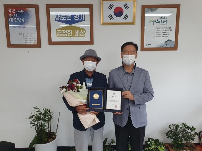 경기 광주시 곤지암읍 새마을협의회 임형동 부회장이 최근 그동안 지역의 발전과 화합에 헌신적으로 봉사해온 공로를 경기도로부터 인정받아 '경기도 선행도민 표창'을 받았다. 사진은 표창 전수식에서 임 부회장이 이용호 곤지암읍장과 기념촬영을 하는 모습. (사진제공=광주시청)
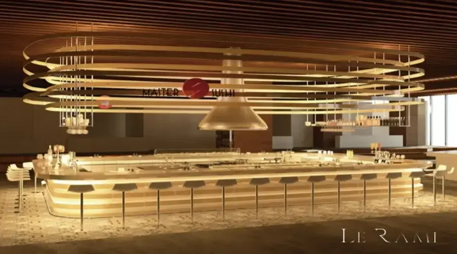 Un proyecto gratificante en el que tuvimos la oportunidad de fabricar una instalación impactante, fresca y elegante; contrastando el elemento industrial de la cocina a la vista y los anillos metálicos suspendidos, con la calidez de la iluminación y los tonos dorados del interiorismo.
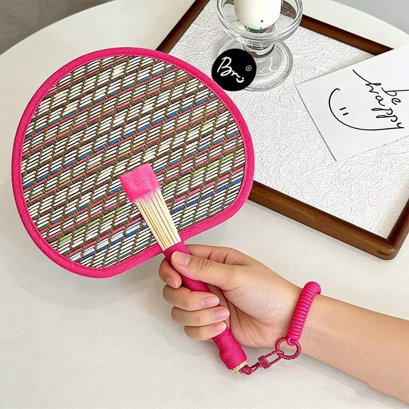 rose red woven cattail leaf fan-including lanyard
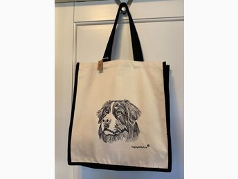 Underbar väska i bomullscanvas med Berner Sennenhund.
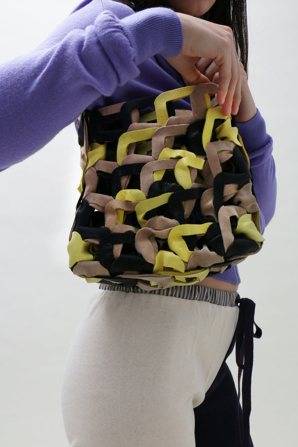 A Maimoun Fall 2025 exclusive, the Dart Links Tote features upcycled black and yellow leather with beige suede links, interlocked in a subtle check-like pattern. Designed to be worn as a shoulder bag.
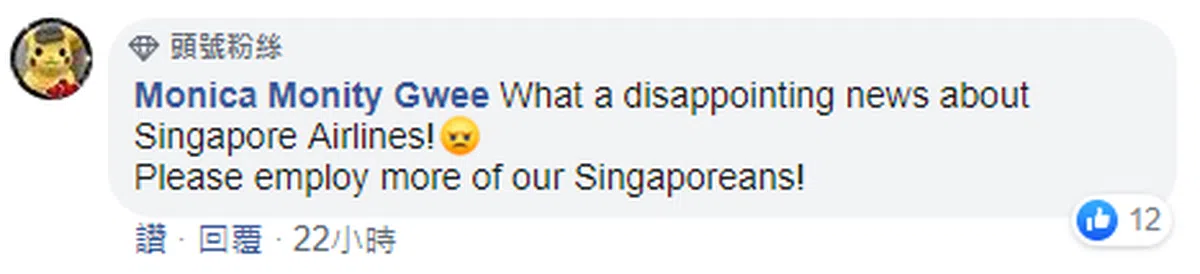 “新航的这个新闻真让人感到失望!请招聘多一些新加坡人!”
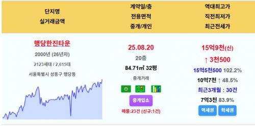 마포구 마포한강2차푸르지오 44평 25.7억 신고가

What you are asked to do
The answer should contain nothing but the lines from the top of the data above through the line containing "Un proyecto gratificante", copied exactly, with no images.

Task response
 경기 광주시 곤지암읍 새마을협의회 임형동 부회장이 최근 그동안 지역의 발전과 화합에 헌신적으로 봉사해온 공로를 경기도로부터 인정받아 '경기도 선행도민 표창'을 받았다. 사진은 표창 전수식에서 임 부회장이 이용호 곤지암읍장과 기념촬영을 하는 모습. (사진제공=광주시청)
 Un proyecto gratificante en el que tuvimos la oportunidad de fabricar una instalación impactante, fresca y elegante; contrastando el elemento industrial de la cocina a la vista y los anillos metálicos suspendidos, con la calidez de la iluminación y los tonos dorados del interiorismo.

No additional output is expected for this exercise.